Hazırlanan teklifte diğer ne tıp tuzaklar var çabucak hemen bilmiyoruz lakin, anlaşılan o ki seçim kaybetme telaşına kapılan iktidar gözünü karartmış. Bilhassa AK Parti tabanından oy alma ihtimali yüksek olan DEVA ve Gelecek Partisi için adeta adrese teslim bir yasa hazırlamış. Buradan anlaşılan şu; AK Parti sandıkta alamadığı oyları bu iki partinin oylarını art kapıdan dolaşarak kendi hanesine yazdıracak… Yani millet muhalefet partilerine oy verecek ancak, oylar iktidar partisine yazılacak.
Evet millet iradesini aşmak için kusursuz bir plan!

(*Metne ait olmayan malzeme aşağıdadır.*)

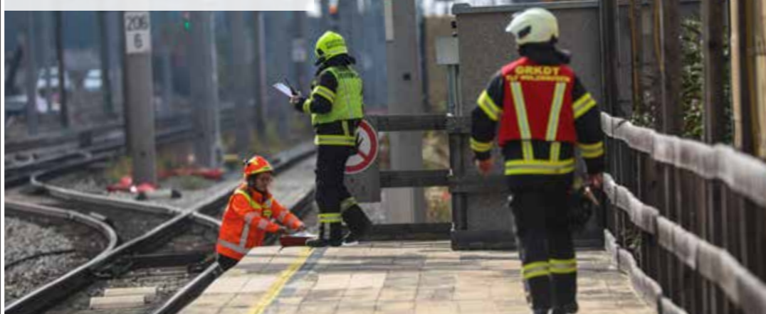
Einsatz Evakuierung Personenzug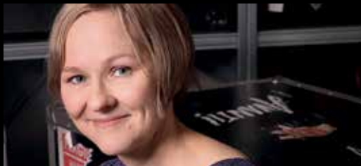
Säveltäjä / Composer Lotta Wennäkoski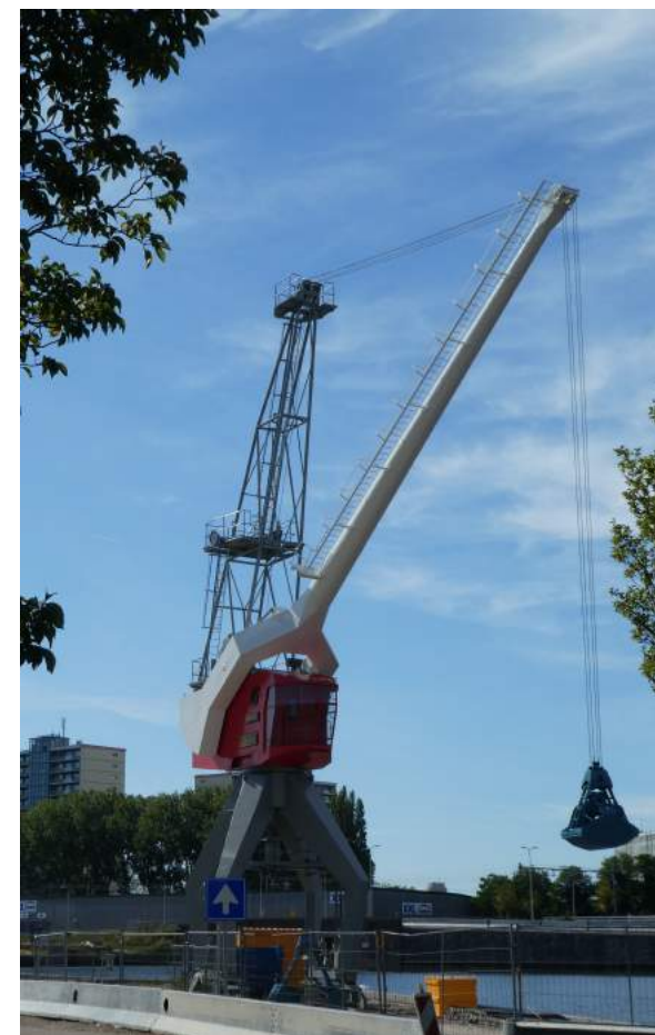
De Fabriton kraan aan de Neherkade

Toen we eind 2015 via SHIE voor het eerst met de kranen kennis maakten en in 2016 voor een eerste oriëntatie de kranen gingen schouwen, vlogen de duiven in en uit, want veel glas zat er niet meer in. Verder zaten er overal wel roestplekken en doorgeroest metaal. Vergeleken bij de kraan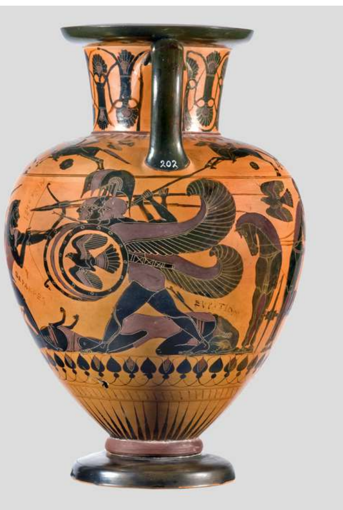
Μελανόμορφος αμφορέας. Ο Ηρακλής παλεύει με τον Γηρυόνη, 540-530 π.Χ.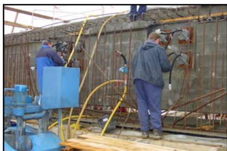
▲ Příprava před injektáží.

Son derece ince bir “siyaset mühendisliği”nin eseri olan bu yasa 2018 seçimleri üzerinden simülasyon yapılarak hazırlanmış. Bu açıdan bakıldığında bu maddeyle her kaidede ‘kasa’ kazanıyor üzere gözüküyor.
Lakin bu hesapta bir yanlışlık var, bilindiği üzere 2018’de Cumhur İttifakı muhalefetin fazlaca önündeydi. halbuki bugün muhalefet, iktidar bloğunun epeyce önünde. Şayet iktidar iktisattaki berbat gidişata bir tahlil üretemezse, muhalefetin daha da yükselmesi kaçınılmazdır. İşte bu biçimde bu yasa kimin kederine deva olur onu yeterli düşünmek lazım…
Ayrıyeten çabucak hatırlatmakta fayda var; şimdilerde hazırlanan seçim maddesinden epeyce keyifli gözüken MHP’nin sevinci kursağında kalabilir. Bir defa, şu anda Türkiye’nin yaşadığı ekonomik kabusun baş sorumlularından birisi olarak fotoğrafta yer aldığı için her gün kan kaybeden MHP’nin yüzde 7 seçim barajını yakalaması hiç de o denli kolay değil. 2018’in o sıkıntı koşullarında bile MHP’nin neredeyse yüzde 7-8 oyunu almayı başaran ÂLÂ Parti, 2023 seçimlerinde sandıkta MHP’ye daha büyük bir kabus yaşatabilir. ötürüsıyla MHP, DEVA ve Gelecek Partisi’ne tuzak kurmak için dayanak verdiği yasanın kurbanı olabilir. Eee ne diyelim, ava giderken avlanmak da var bu işin arasında…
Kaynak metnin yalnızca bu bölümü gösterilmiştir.